The top team of secondary school science teachers in Utah is located in Tooele County, according to the Utah Science Teachers Association.
The eight-member science department at Clarke N. Johnsen Junior High received USTA’s Science Department of the Year Award at the organization’s annual conference held Friday at Thanksgiving Point.
“Clarke N. Johnsen Junior High was nominated and selected because of the efforts the whole school and the science department have put into teaching students science,” said Duane Merrell, executive director of USTA and an associate teaching professor of physics and astronomy at Brigham Young University.
One reason Clarke Johnsen Junior High won the award was programs like “Super Science Days” which allow students to explore concepts like density, convection currents, and lighter-than-air vehicles by building hot air balloons, or motion and air drag by building paper drag racers.
“The award recognizes a school and the school science department for efforts to change the students’ attitudes and show growth in student achievement in science,” said Merrell.
Core test results show that students improved 20 percentage points in science competency from 2007 to 2011, from 65 percent to 85 percent.
Collaboration and teamwork are responsible for the science department’s success according to Clarke Johnsen Junior High science teacher Cheryl Dearing.
“We’ve coordinated our lessons so our students are studying the same thing at the same time and work together on lab rotations,” said Dearing.
For lab rotations, each teacher prepares two or three stations on the unit being studied and then students rotate from room to room participating in each lab.
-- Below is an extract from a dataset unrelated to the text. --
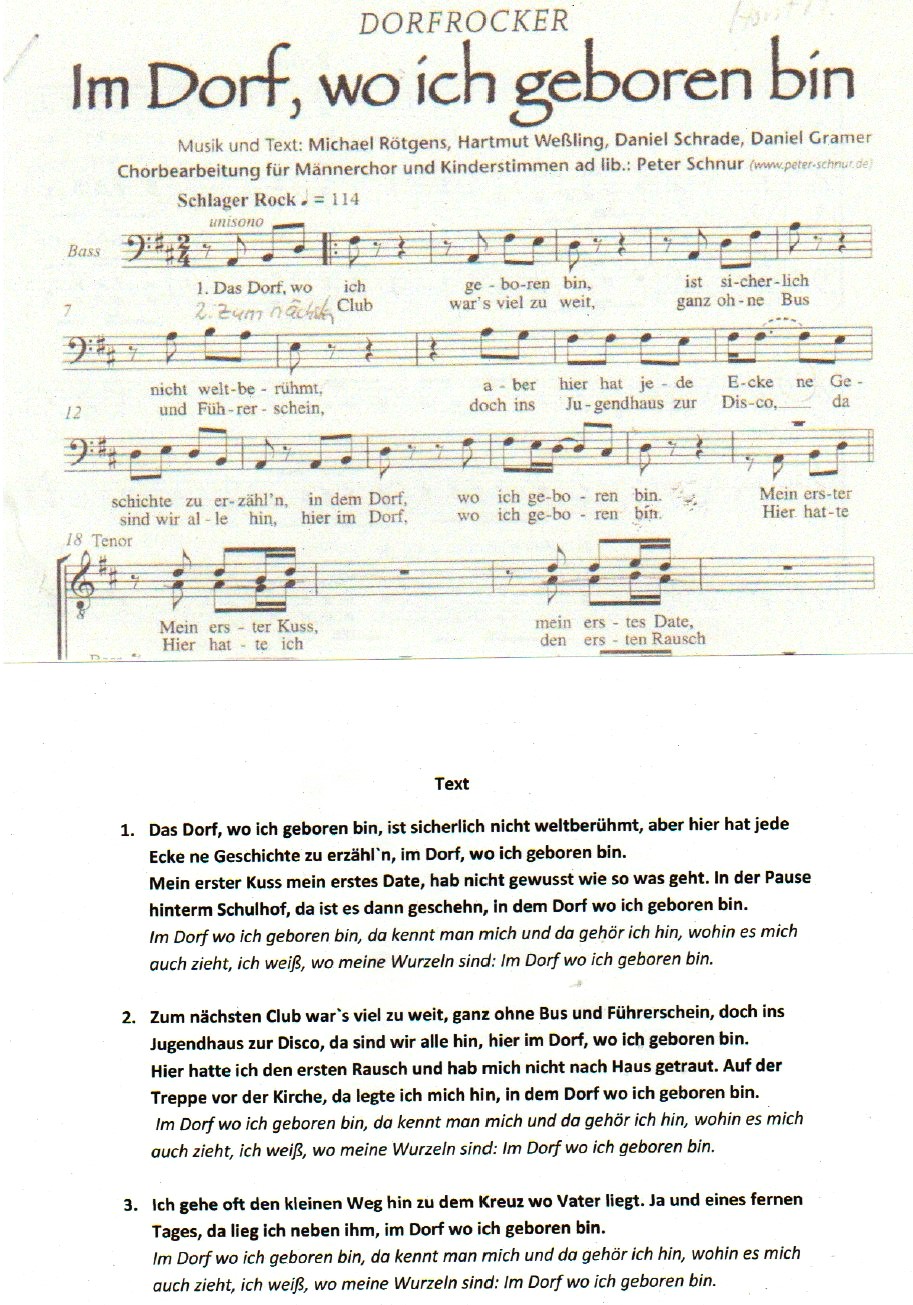 Notenblatt und Liedtext

“It allows students to benefit from the expertise of each science teacher,” said Thane St. Clair, the school’s science department chairman. “Students get more of a hands on experience than I could do if I were preparing these labs myself.”
Last week, the school’s science students were doing a lab rotation on weathering, erosion, and deposition.
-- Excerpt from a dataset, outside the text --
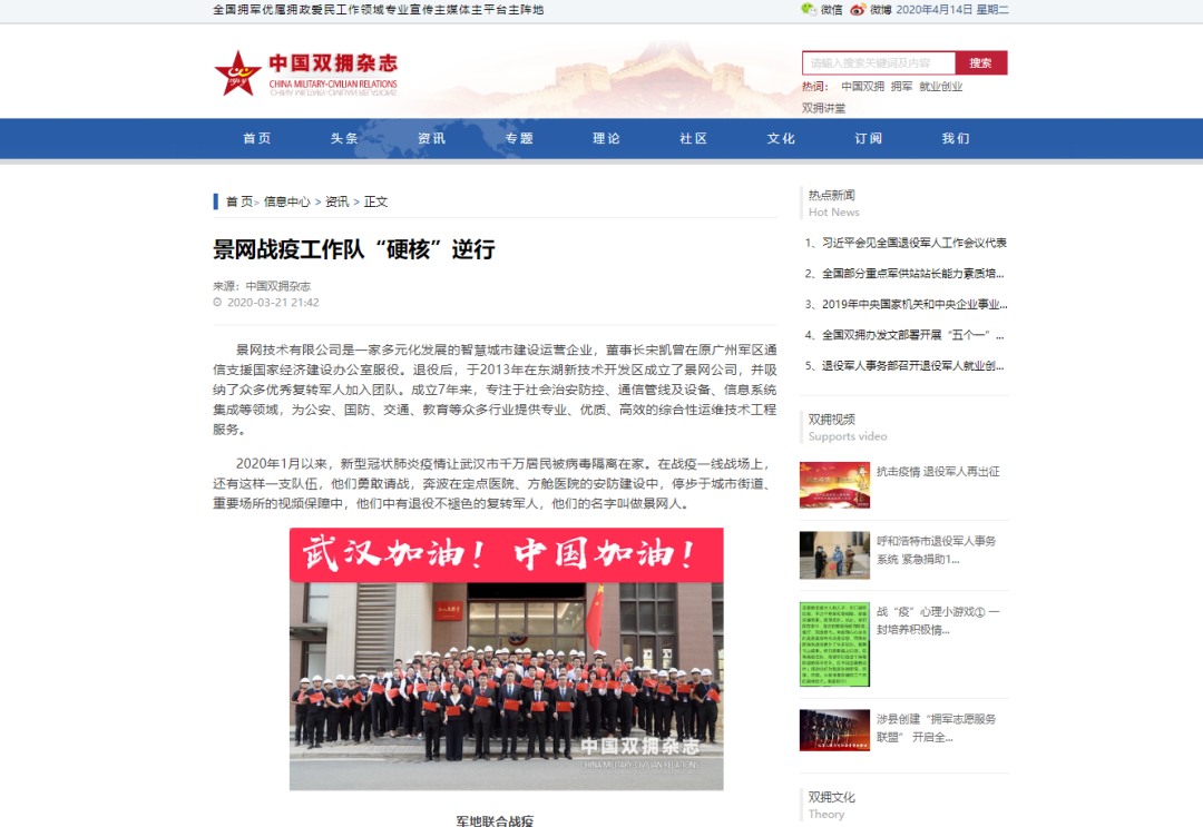 >> 《中國雙擁》月刊專訪報道景網(wǎng)事跡

In one room, students observed a miniature glacier as it made its way down a simulated mountain slope. In another room, they made piles of sand in a wave tank and then noted the effects of various waves on the sand. In a third room, they recorded observations of the patterns of settlement of different size of rocks and sand in a jar of water.
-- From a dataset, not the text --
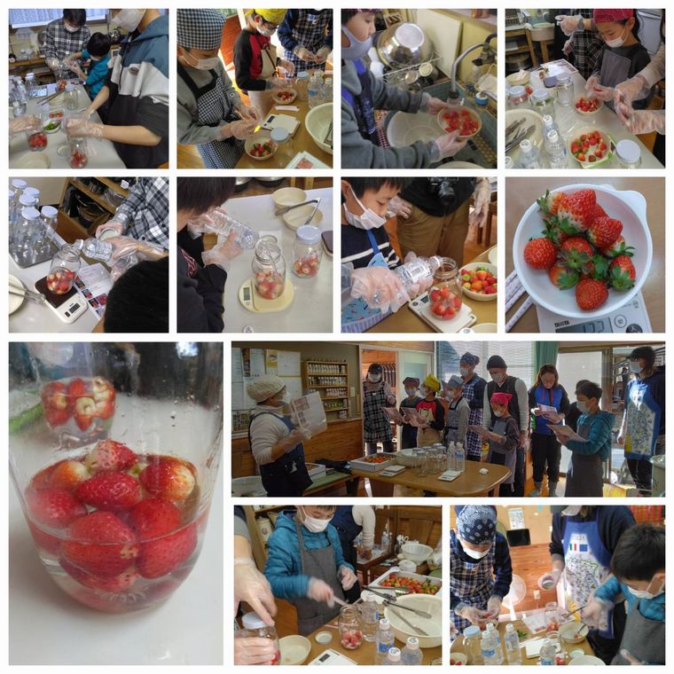 イチゴ酵母:イチゴ100gと水200ccを900ccの食用ビンに詰め、砂糖15gを入れて、スクール生が自宅で酵母菌を育てていきます。食用ビンは、煮沸消毒をして一旦冷やして使用します。

Dearing displayed in her room a picture of the Stansbury Mountain range covered in snow so students could make the connection between what was going on in the classroom and what they could see out the window.
Science education goes beyond memorizing facts, said Dearing.
“Each student is given a worksheet for the labs to record their observations, and it also asks them to make conclusions based on their observations and facts,” said Dearing.
Merrell visited Clarke Johnsen Junior High on a day the science teachers were studying density.
“They did a human dunk tank to calculate body density,” said Merrell. “It was wonderful. Students were willing to get wet for science.”